Task objective:
Print all of the data below exactly as it appears, leaving out every image.

Recorded data:
[Start of Attachment]

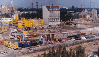 Baustelle Debis am Potsdamer Platz (1995)Was also ö um zentrale Probleme anzusprechen ö tun, um die zentralen Ziele internationaler Politik anzugehen? Was tun, um einen gerechten Frieden zu halten bzw. ihn wie im Beispiel Bosniens erst zu sichern, nach dem die europäische und auch die deutsche Politik jahrelang versagt haben? Was tun, um die ungerechtfertigte Kluft zwischen einigen Wohlstandsgesellschaften im Westen einerseits und einer um sich greifenden Verelendung in wachsenden Teilen der sogenannten Dritten, aber auch der Zweiten Welt nicht noch zu vergrößern und damit ethnische Konflikte nicht noch zusätzlich zu provozieren? Was tun, um den daraus resultierenden Migrationsdruck nicht durch eine Politik der Festung Europa abzuschotten, sondern seine Ursachen abzubauen?
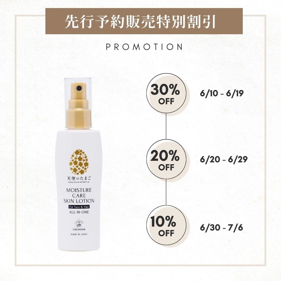 この度、代表藤原の第二子出産を機に1年以上もの歳月をかけ成分選定(独自製法)・試作を繰り返し、自信を持って日本中のママと赤ちゃんに届けたい無添加素材の「天使のたまご オールインワン保湿化粧水」が完成致しました。2022年7月の発売に先駆け、先行予約を6月10日より開始、同時に6月10日から7月6日までの「限定キャンペーン」では、最大30%OFFにて新商品をご購入いただけます。
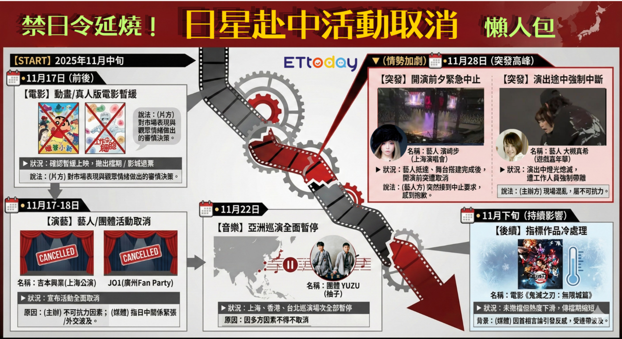 從日本喜劇藝人、人氣男團JO1及YUZU,到殿堂級天后濱崎步,以及跨世代動漫主題曲歌手大槻真希都遭殃,原訂演出不是被喊卡、就是在台上被迫中斷。電影院線方面,包含《蠟筆小新:燒熱的春日部舞者們》、《真人版〈工作細胞〉》與《鬼滅之刃:無限城篇》部分檔期也被調整或撤檔,官方多以「暫緩上映」及「綜合市場評估」等說法帶過。

[End of Attachment]

Worked solution:
 Baustelle Debis am Potsdamer Platz (1995)Was also ö um zentrale Probleme anzusprechen ö tun, um die zentralen Ziele internationaler Politik anzugehen? Was tun, um einen gerechten Frieden zu halten bzw. ihn wie im Beispiel Bosniens erst zu sichern, nach dem die europäische und auch die deutsche Politik jahrelang versagt haben? Was tun, um die ungerechtfertigte Kluft zwischen einigen Wohlstandsgesellschaften im Westen einerseits und einer um sich greifenden Verelendung in wachsenden Teilen der sogenannten Dritten, aber auch der Zweiten Welt nicht noch zu vergrößern und damit ethnische Konflikte nicht noch zusätzlich zu provozieren? Was tun, um den daraus resultierenden Migrationsdruck nicht durch eine Politik der Festung Europa abzuschotten, sondern seine Ursachen abzubauen?
 この度、代表藤原の第二子出産を機に1年以上もの歳月をかけ成分選定(独自製法)・試作を繰り返し、自信を持って日本中のママと赤ちゃんに届けたい無添加素材の「天使のたまご オールインワン保湿化粧水」が完成致しました。2022年7月の発売に先駆け、先行予約を6月10日より開始、同時に6月10日から7月6日までの「限定キャンペーン」では、最大30%OFFにて新商品をご購入いただけます。
 從日本喜劇藝人、人氣男團JO1及YUZU,到殿堂級天后濱崎步,以及跨世代動漫主題曲歌手大槻真希都遭殃,原訂演出不是被喊卡、就是在台上被迫中斷。電影院線方面,包含《蠟筆小新:燒熱的春日部舞者們》、《真人版〈工作細胞〉》與《鬼滅之刃:無限城篇》部分檔期也被調整或撤檔,官方多以「暫緩上映」及「綜合市場評估」等說法帶過。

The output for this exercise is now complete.